We don't see it right now because we talk to those customers, and, you know, the customers that we're delivering those simulators to, you know, we know that they're getting their aircraft. They know they're getting aircraft. So that, you know, pretty high confidence there. Business aircraft, we just talked about. That's bookings. The dynamic in business aircraft, and, you know, I'm a business aircraft pilot myself, and I train in our training centers. The dynamic there is still that if you can get a booking, you don't cancel it. Because obviously, if you have to do your training, your recurrent training typically every six months, and if you lose your booking and you can't get another one, then chances are you can't renew your license, you can't fly. So people are quite conservative in canceling bookings.

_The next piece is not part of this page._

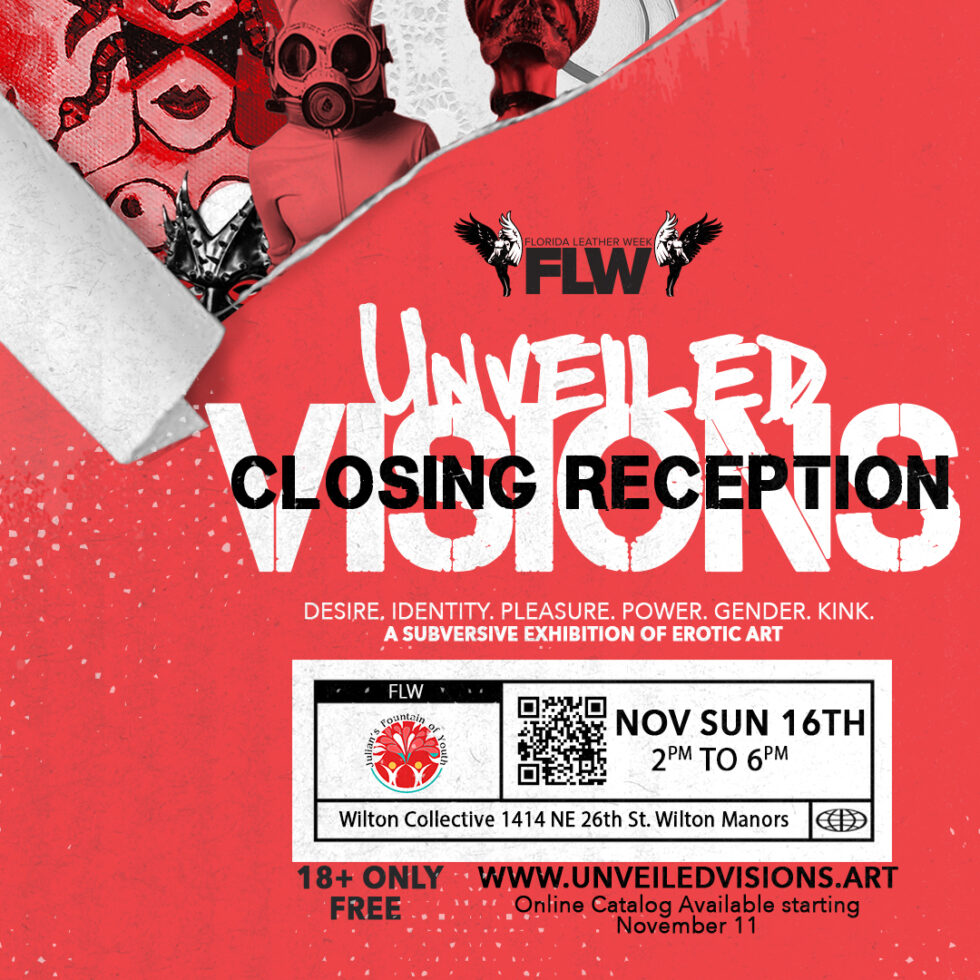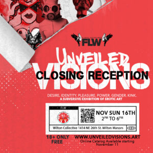 SUNDAY UNVEILED VISIONS CLOSING RECEPTION Wilton Collective | 5 PM – 8 PM Over 60 Artists from Across the Country More than 200 Works of Erotic Art GAY.STRAIGHT.TRANS.BI.QUEER.POLY.FETISH.KINK.HUMAN Unveiled Visions

So it can always happen, but, you know, what we see there is, again, you know, strong demand, and that portrays our outlook in business aircraft. The other element that portends our outlook is how much, if you like, drag, you know, like, this is more of a drag than anything else, is our conversion to software as a service in our software business. And we have very high visibility. There is an expectation there, and it's based on things that we control, which is that if you like the drag of $10 million that we saw in Q1, will lessen by the end of the year. And the reason for that is because we have more on-premise work that's going to be done, you know, in the second half. Again, we have very high visibility there.

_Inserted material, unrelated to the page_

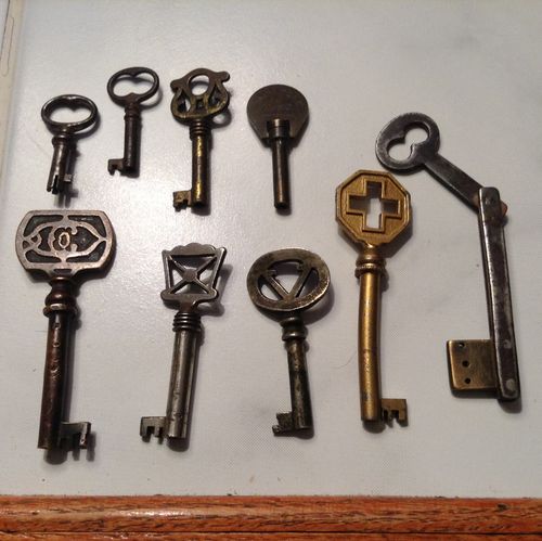 skeleton keys, Antique, Victor Victrola, Furniture, Stetson Piano, Columbia

Now, if you look at downside risks, to your point, is the fact that we are expecting some resumption of pilot hiring, specifically in the Americas, and that is underpinned by the bookings that we have. Now, bookings, you know, bookings can always be moved. That can happen, but, you know, we're, we're talking to those airlines and, you know, that's what, that's what they see, that's what we see, and it's based on their expectations of when they're gonna get their aircraft. Whether they get- that comes from narrow-bodied aircraft from Boeing, whether it comes from airplanes coming back, you know, from engine overhaul or those kind of factors. So I think those are the components, and I think the last point that's important here is we're trying to manage our own destiny here, and that's with the cost savings that were put forward together.

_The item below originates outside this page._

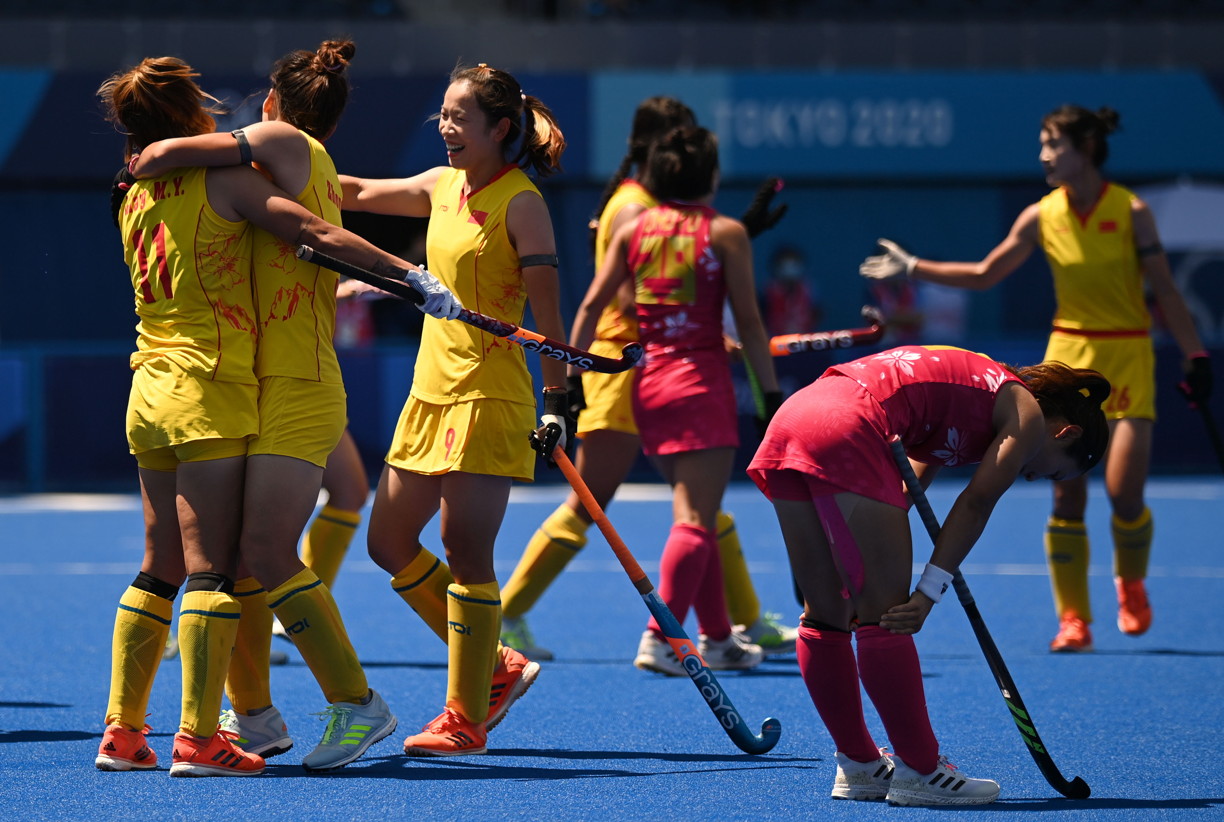 ▲7月25日,中国队队员庆祝取得制胜球。当日,在东京奥运会女子曲棍球小组赛中,中国队4:3战胜日本队。 新华社记者 李尕 摄

We're being realistic. You know, we had assumed at some of this last year, which is why I think we were conservative in the outlook that we gave for the growth of the business, for the margins of the business. We've talked about that. It's also the fact, you know, when we look at what we're seeing now, it's also, you know, the reason we gave you a range on CapEx last year, and now we're moving to the lower end of that CapEx. As you know, we basically look at, you know, the conservatism that we built in, you know, I think there was good basis to do it.
Sonya Branco (CFO)
Great. Thank you very much.
Andrew Arnovitz (SVP of Investor Relations)
Operator, yeah, operator, sorry. We have our AGM today as well, so we will have to be a bit more of a stickler in terms of sticking to schedule. I wanna thank all of the participants who joined us today, and remind you that a transcript will be made available later on CAE's website of the call. Thank you.
Operator (participant)
This brings to a close today's conference call. You may disconnect your lines. Thank you for participating, and have a pleasant day.